» Task directions
At the line that holds "For this capsule", start repeating, and keep going exactly through the final line of the material; include both ends and skip the pictures.

» Exercise data

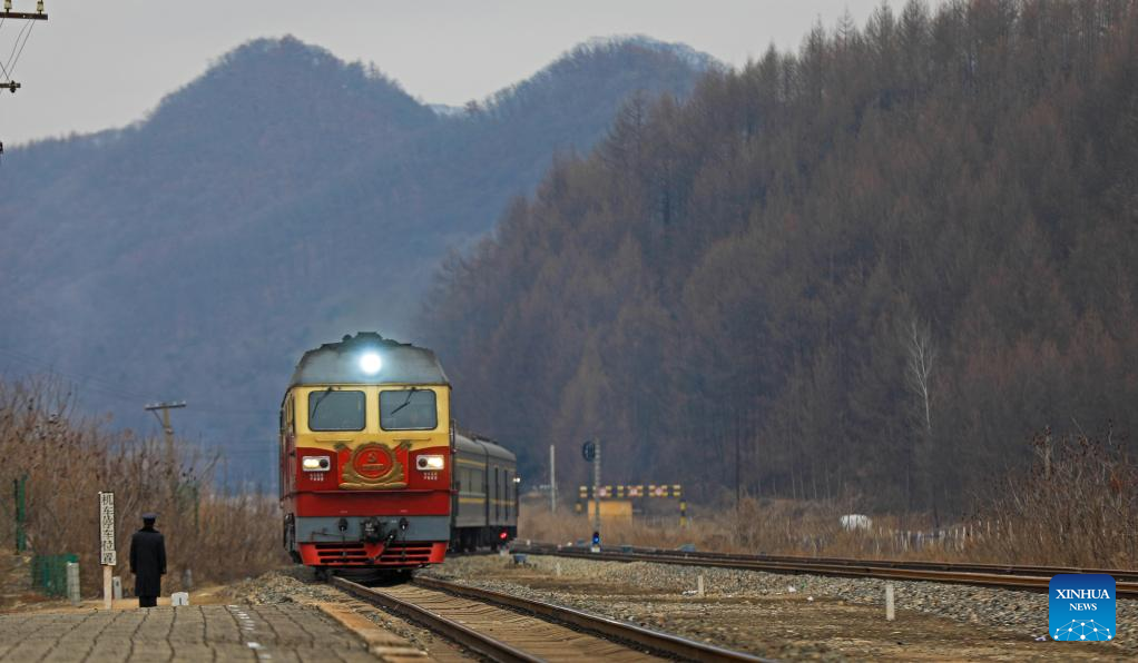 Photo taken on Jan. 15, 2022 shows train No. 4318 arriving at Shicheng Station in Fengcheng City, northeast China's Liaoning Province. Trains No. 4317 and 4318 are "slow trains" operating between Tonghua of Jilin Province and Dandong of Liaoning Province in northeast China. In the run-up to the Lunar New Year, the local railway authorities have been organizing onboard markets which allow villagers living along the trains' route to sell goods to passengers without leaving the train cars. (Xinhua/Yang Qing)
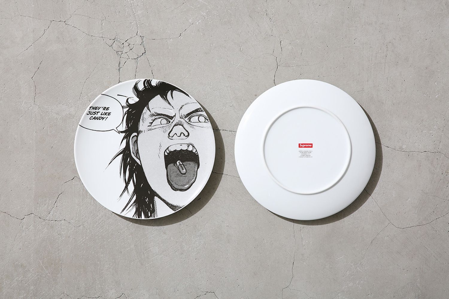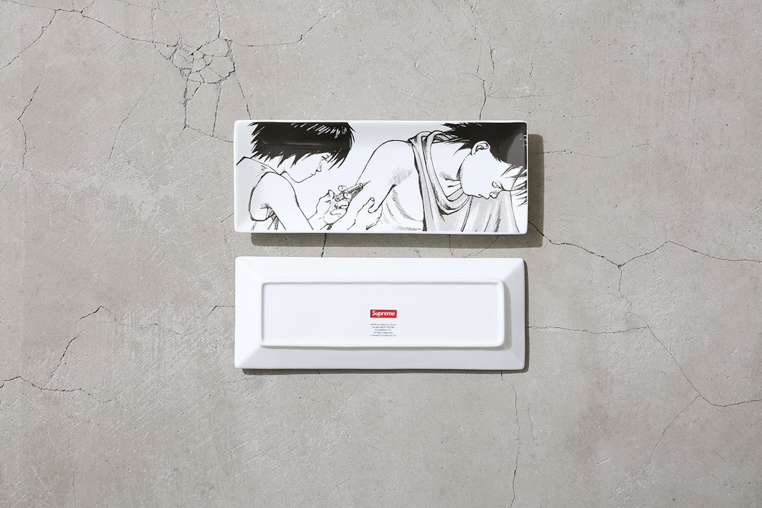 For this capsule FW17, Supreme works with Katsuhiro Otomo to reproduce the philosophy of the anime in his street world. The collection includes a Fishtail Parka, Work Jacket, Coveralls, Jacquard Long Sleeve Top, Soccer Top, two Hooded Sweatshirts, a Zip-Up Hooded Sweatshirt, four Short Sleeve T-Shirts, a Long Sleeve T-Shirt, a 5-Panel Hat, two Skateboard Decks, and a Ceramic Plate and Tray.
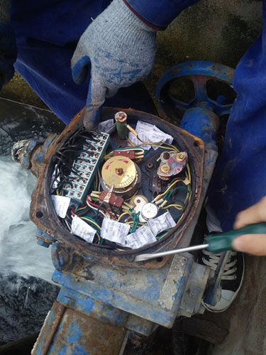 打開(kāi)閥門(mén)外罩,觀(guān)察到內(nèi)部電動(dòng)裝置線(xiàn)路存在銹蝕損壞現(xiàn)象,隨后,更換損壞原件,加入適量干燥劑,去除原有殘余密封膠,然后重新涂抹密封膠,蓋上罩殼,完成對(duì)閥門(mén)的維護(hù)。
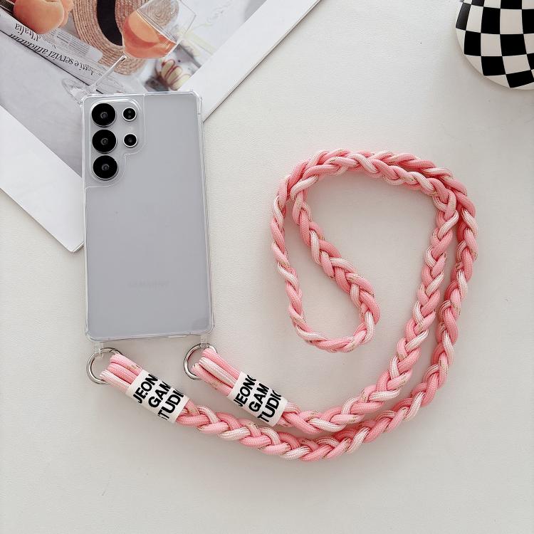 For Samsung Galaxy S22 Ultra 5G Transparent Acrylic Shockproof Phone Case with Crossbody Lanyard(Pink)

» Exercise answer
 For this capsule FW17, Supreme works with Katsuhiro Otomo to reproduce the philosophy of the anime in his street world. The collection includes a Fishtail Parka, Work Jacket, Coveralls, Jacquard Long Sleeve Top, Soccer Top, two Hooded Sweatshirts, a Zip-Up Hooded Sweatshirt, four Short Sleeve T-Shirts, a Long Sleeve T-Shirt, a 5-Panel Hat, two Skateboard Decks, and a Ceramic Plate and Tray.
 打開(kāi)閥門(mén)外罩,觀(guān)察到內(nèi)部電動(dòng)裝置線(xiàn)路存在銹蝕損壞現(xiàn)象,隨后,更換損壞原件,加入適量干燥劑,去除原有殘余密封膠,然后重新涂抹密封膠,蓋上罩殼,完成對(duì)閥門(mén)的維護(hù)。
 For Samsung Galaxy S22 Ultra 5G Transparent Acrylic Shockproof Phone Case with Crossbody Lanyard(Pink)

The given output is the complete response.